Task details:
Among the entries below, take the line with "In Ilbesheim befindet" and the line with "Som en del af", and output them and every line between them exactly, with nothing else.

Data extract: Begin

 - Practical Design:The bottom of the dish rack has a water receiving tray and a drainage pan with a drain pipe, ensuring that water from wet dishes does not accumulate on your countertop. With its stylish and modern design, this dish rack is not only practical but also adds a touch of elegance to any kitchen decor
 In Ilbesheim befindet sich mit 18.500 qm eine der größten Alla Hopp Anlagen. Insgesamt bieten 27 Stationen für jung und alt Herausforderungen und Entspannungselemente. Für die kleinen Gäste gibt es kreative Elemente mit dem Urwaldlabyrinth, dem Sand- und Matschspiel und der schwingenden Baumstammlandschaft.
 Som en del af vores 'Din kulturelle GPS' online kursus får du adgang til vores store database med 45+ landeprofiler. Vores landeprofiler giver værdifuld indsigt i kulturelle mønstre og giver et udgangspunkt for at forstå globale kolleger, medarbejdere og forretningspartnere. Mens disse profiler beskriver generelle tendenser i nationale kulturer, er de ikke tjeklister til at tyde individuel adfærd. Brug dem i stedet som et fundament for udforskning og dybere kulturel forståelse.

Data extract: End
Data extract: Begin

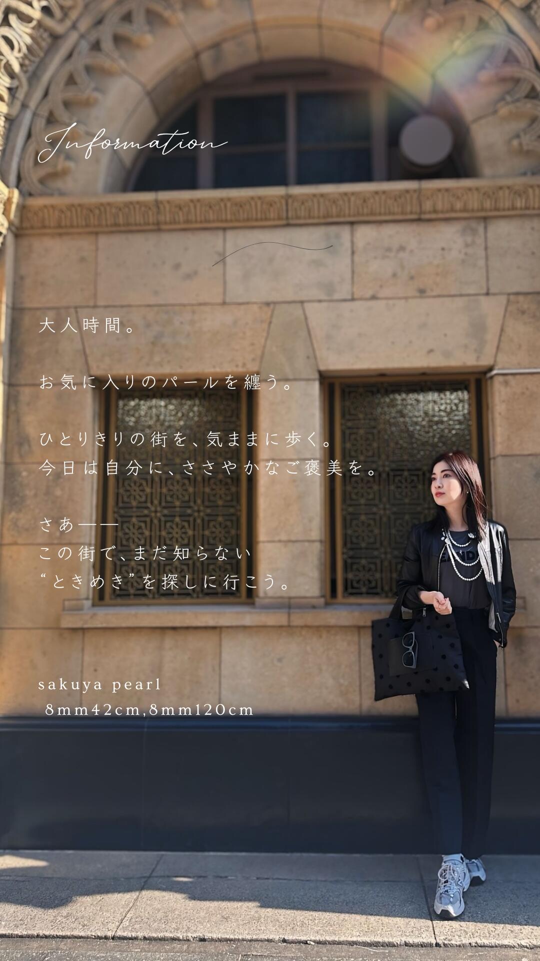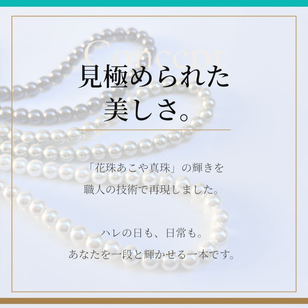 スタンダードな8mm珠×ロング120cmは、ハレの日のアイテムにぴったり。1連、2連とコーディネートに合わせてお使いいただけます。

Data extract: End

Result of this exercise:
 In Ilbesheim befindet sich mit 18.500 qm eine der größten Alla Hopp Anlagen. Insgesamt bieten 27 Stationen für jung und alt Herausforderungen und Entspannungselemente. Für die kleinen Gäste gibt es kreative Elemente mit dem Urwaldlabyrinth, dem Sand- und Matschspiel und der schwingenden Baumstammlandschaft.
 Som en del af vores 'Din kulturelle GPS' online kursus får du adgang til vores store database med 45+ landeprofiler. Vores landeprofiler giver værdifuld indsigt i kulturelle mønstre og giver et udgangspunkt for at forstå globale kolleger, medarbejdere og forretningspartnere. Mens disse profiler beskriver generelle tendenser i nationale kulturer, er de ikke tjeklister til at tyde individuel adfærd. Brug dem i stedet som et fundament for udforskning og dybere kulturel forståelse.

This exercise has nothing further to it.